View solution in original post

6 REPLIES 6

exa-Uwe
Moderator
Moderator

It may also be worthwhile to point out why we are creating these statistics mentioned by Peter and Gabi  automatically: It's for our query optimizer that works cost-based (using statistics). They are not meant to be used for exact reports by customers. And disclaimer for all tables starting with '$': There's a reason why they are not documented. They are for internal purposes. There's no guarantee for consistency or reliability and their content might change with newer versions of Exasol without notice. Use at your on risk 😉

Best regards

Uwe

PeterK
Xpert

Hi @jwarlander  - There are some column min/max estimates in the "$EXA_COLUMN_STATISTICS" table. Note however that:

  1. It's only populated on an as-needed basis so it doesn't always have the info.
  2. They are estimates
  3. Tables starting with "$" can change without notice between Exasol versions...so it's "use at your own risk"

Hopefully that's helpful.

Peter

jwarlander
Xpert

Thanks @PeterK, that looks interesting!

I guess it would be a bit risky to use, as you say.. but on the other hand, I could test for "compliance" on startup, and use the table if it works as expected with the connected Exasol database. Then there's the "estimates" bit.. I really do need absolute data! But on the other hand I see this flag in the table, MIN_MAX_VALUE_EXACT_LIMIT. I wonder if it means what it seems to say, that they are exact values rather than limits if it's set?

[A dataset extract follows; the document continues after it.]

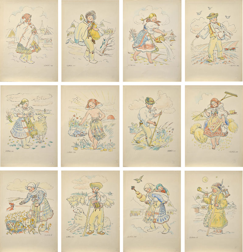 úzko súvisí s aktivitami Jana Hálu roku 1938. Vtedy sa totiž maliar zúčastňuje sa na výtvarnom dotvorení Poľnohospodárskeho pavilónu československej expozície na svetovej výstave v New Yorku, vytvorením keramického vlysu s námetmi Tanca a dvanástich mesiacov roka. Posudzované kresby sú zrejmým “vedľajším produktom” tejto štátnej objednávky. Súbor predstavuje galerijnú ukážku kresbovej tvorby Jana Hálu. Tematicky ide o žánrové výjavy viažúce sa k jednotlivým mesiacom roka života v podtaranskom Važci. Maliar zvolil osvedčený, v neskorom diele viacnásobne vyskúšaný sujet figúr važeckých detí na krajinnom pozadí. Kresby výrečne zastupujú poetiku Hálovho neskorého manierizmu, zviditeľnenie predstavy o národe uchovávajúcom i svojou fyzickou tvárnosťou „večné“, starobylé hodnoty, určujúce v čase i priestore nezmeniteľné rozmery jeho pozemského bytia. Neobyčajnú maliarsku sviežosť si - až do samého záveru umelcovej maliarskej aktivity - zachovávajú práve diela s motívmi hrajúcich sa či odpočívajúcich važeckých detí v krajinnom rámci letnej prírody (Malá Važťanka. 1941; Osvieženie, 1943; V prírode, 1947; Proti slnku, 1946; Pri husiach, 1948; Na slniečku, 1949; Dve žiačky, 1955). Ich výtvarné poňatie predpracoval už v sérii desiatich litografií, ktorú v roku 1933 vydal v spolupráci s Východoslovenským múzeom v Košiciach. Jeho vtedajší riaditeľ Jozef Polák uviedol bibliofíliu tak trochu nadnesenými, ale podstatu vystihujúcimi slovami: „... v těch školácích a husopaskách, buclatých batolatech, ve skotačivé klukovské divočině i v mateřsky něžném laskání děvčátek s bábkami, rozehřívá se jeho vlastní srdce nejvíce, rozbíhá se tužka nejlehčeji. Jim rozumí Hála, sám prosté, velké dítě, nejlépe...“ Obrazy važeckých detí, plné miloty a ľúbeznosti, sa mierou lyrického zaujatia preto zaraďujú medzi najosobnejšie realizácie Jana Hálu.

Nonetheless, I only seem to have such "exact" statistics for *one* of my tables in the schema I'm testing on, probably because that's an old table that's not getting updated anymore. The other tables get replaced with full data dumps from a source system every day, and seem in fact to not even have any estimates at all.

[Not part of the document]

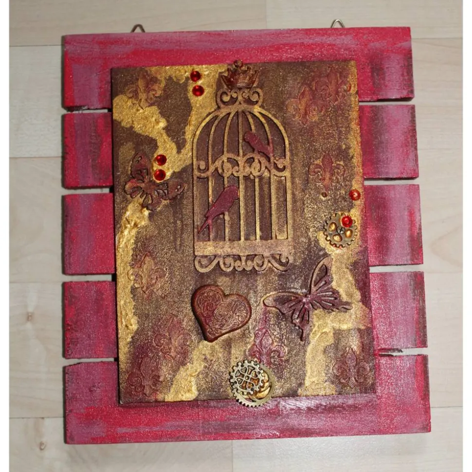 Auf Holz gestaltete Collage. Mit Applikationen aus Holz, Metall und Kunststoff, gestaltet mit Acrylfarben in Gold, Braun und Weinrot. Eine kleine Gestaltung der etwas anderen Art!

We'll see where this goes; for now I'll have to rely on queries, I suspect 😎

exa-Gabi
Team Exasol
Team Exasol

To add to @PeterK excellent answer, I'd like to point out some tradeoffs and hopefully shed some light on how things work:

* Exact statistics come with a non-trivial performance cost attached. For instance, say you have a table of 1 billion rows and you delete one row; at this precise moment you don't know whether your MIN or MAX statistics are still accurate and you need to recompute your statistics for the whole affected column. Such a scenario is really cost-prohibitive and the statistics are not recomputed. The statistics are recomputed only after many enough values have been changed (via DMLs), so that the relatively large cost of computing them is amortized over a larger set of row updates - either a lot of small updates or a few large updates or anything in between (all DML's count as updates here). For this reason the statistics are not can cannot be guaranteed to be always exact.
* The column statistics need to be maintained upon DML's and thus incur some small overhead for DML queries. To minimize this overhead we create and maintain the statistics only for the necessary columns (the ones used in joins) and not for all columns.
* The column statistics generated by the system are for intended to be for internal use and, eventually, help understand bad join queues, not for being used for checks against table data. To retrieve MIN, MAX and other table statistics one can always use the relevant aggregated functions provided by the system using normal SQL queries against the table of interest

Hope it helps.

EXA-Dude, database developer, history buff. Member of Team Exasol.

View solution in original post

jwarlander
Xpert

Yeah, I suspected as much!

I'm also in need of min/max/avg values over a few different time periods, which of course wouldn't be possible to derive from total column statistics.. My best bet is probably to try and optimize the way Redata queries for these statistics, specifically try and grab as much as I can in a single query on the table instead of one query per statistic per column.

exa-MathiasHo
Community Manager
Community Manager

Hi @jwarlander ,

I mean, what is "interesting", right? Jokes aside, I definitely will see what I can find out! Please bear with me.